Segment Start: Available records

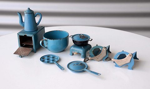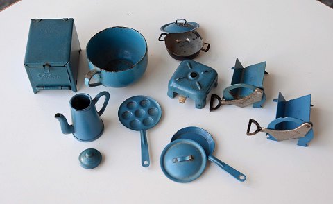 Tekno legetøj. Køkkenredskaber i miniformat fra Tekno i blåmalet og rødmalet metal. Brugsspor. God brugt stand.
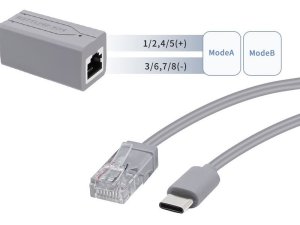 Tento PoE splitter umožňuje napájet zařízení s USB-C konektorem přímo z PoE sítě. Zařízení přijímá napětí DC 44–57 V z PoE zdroje kompatibilního se standardy IEEE 802.3at/af a převádí ho na stabilních DC 5 V s proudem 2,4 A (12 W). Ideální řešení pro napájení IP bezpečnostních kamer, VoIP telefonů, bezdrátových přístupových bodů a dalších síťových zařízení s USB-C napájením.
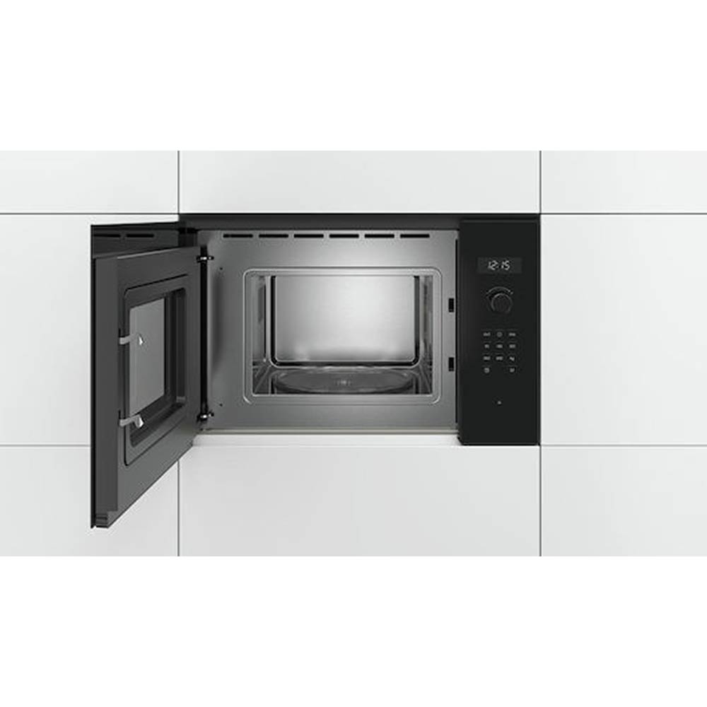The BOSCH BFL554MB0 is a built-in microwave oven with 900W power and a spacious 25 litres capacity, ideal for reheating, defrosting and everyday cooking tasks. It features include AutoPilot 7 automatic programmes, LED display with rotary and touch controls, a 31.5cm glass turntable and LED interior lighting. Designed to install flush into a 60 cm kitchen unit with a sleek black finish.
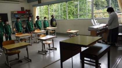 10月18日 全校音楽 低音部は音楽室で練習です。
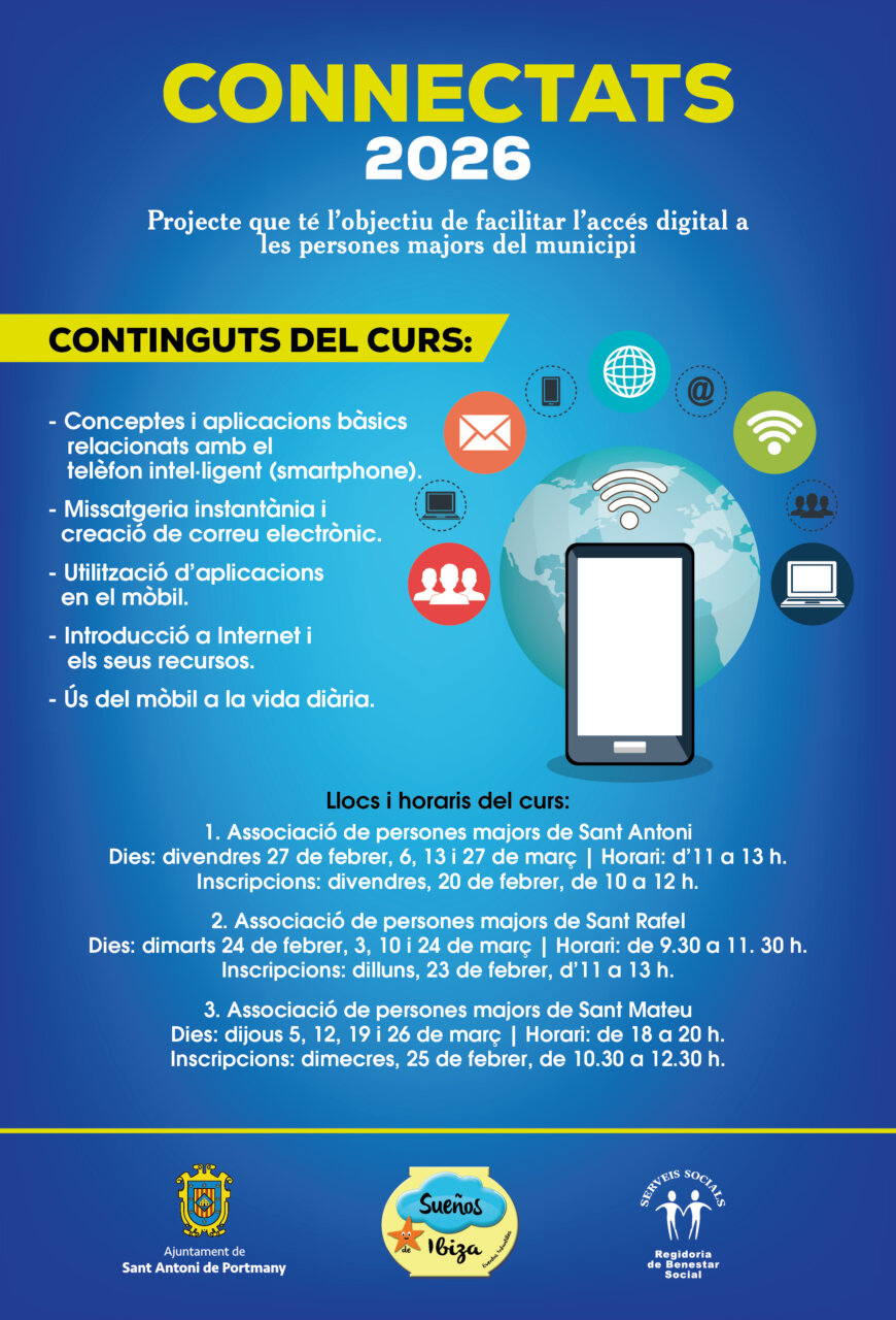 El Ayuntamiento de Sant Antoni de Portmany, a través de la concejalía de Bienestar Social, pone en marcha un año más el curso ‘Connectats’, una propuesta formativa pensada para mejorar las habilidades digitales de las personas mayores del municipio y facilitar su integración en la sociedad actual.
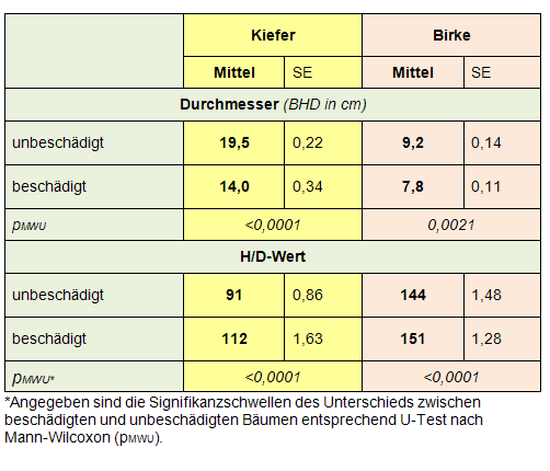 Die Schäden betrafen bei beiden Baumarten vor allem schlanke Bäume und bestätigen damit die Erfahrungen aus früheren Untersuchungen an Kiefern. Im Vergleich zum Kollektiv der unbeschädigten Bäume zeichneten sich beschädigte Kiefern oder Birken durch im Mittel signifikant geringere Durchmesser beziehungsweise signifikant höhere H/D-Werte aus (Tab. 2).
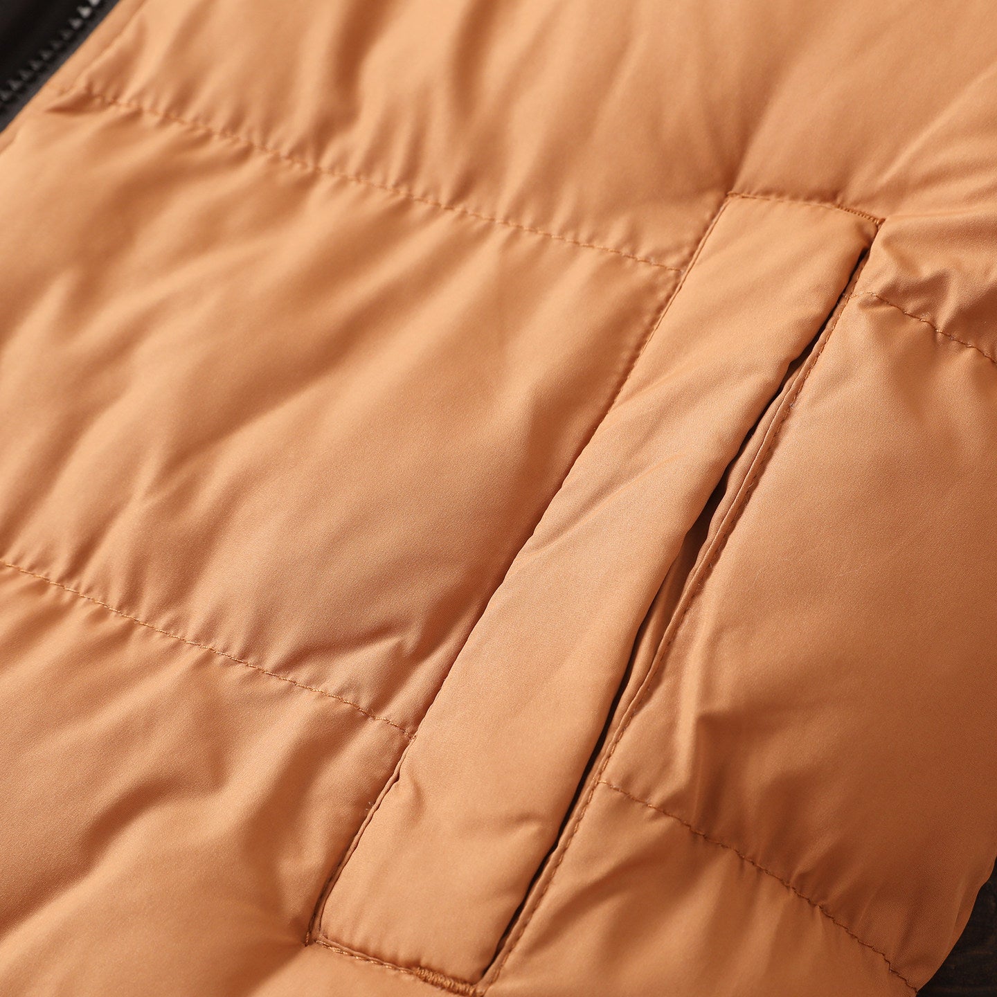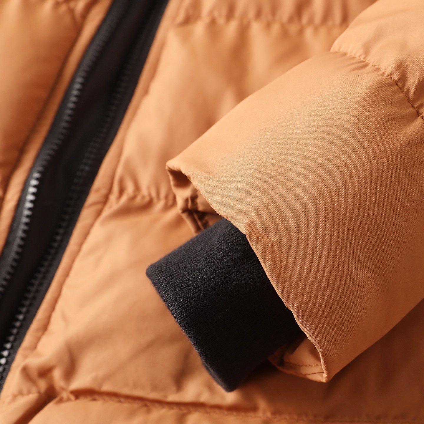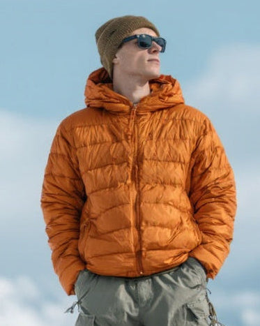 Ashore men's down coat in a warm, tan-brown color. It has a quilted design with horizontal sections that give it a puffy appearance. The jacket features a full zipper down the front and a hood with a dark, black lining. The coat also has two side pockets and black cuffs at the end of the sleeves. The overall style is practical and cozy, likely designed for cold weather. The minimalist design without logos or other markings gives it a sleek and clean look.
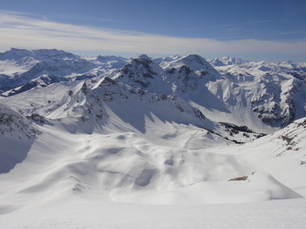 Am Morgen pickelhart gefroren, am Mittag Hänge S-W prächtig angesulzt. Alle andern Expositionen der erwartete üble Bruchharsch. Wenn man konsequent und genau zur rechten Zeit in Sulzhängen abfährt ist es von zuoberst bis etwa 1520m der absolute Knüller!

Segment End: Available records

# [What to produce]
Retype each line of the data exactly, beginning with the first; include the line containing "Tento PoE splitter" and stop there, skipping every picture.

# [Exercise response]
 Tekno legetøj. Køkkenredskaber i miniformat fra Tekno i blåmalet og rødmalet metal. Brugsspor. God brugt stand.
 Tento PoE splitter umožňuje napájet zařízení s USB-C konektorem přímo z PoE sítě. Zařízení přijímá napětí DC 44–57 V z PoE zdroje kompatibilního se standardy IEEE 802.3at/af a převádí ho na stabilních DC 5 V s proudem 2,4 A (12 W). Ideální řešení pro napájení IP bezpečnostních kamer, VoIP telefonů, bezdrátových přístupových bodů a dalších síťových zařízení s USB-C napájením.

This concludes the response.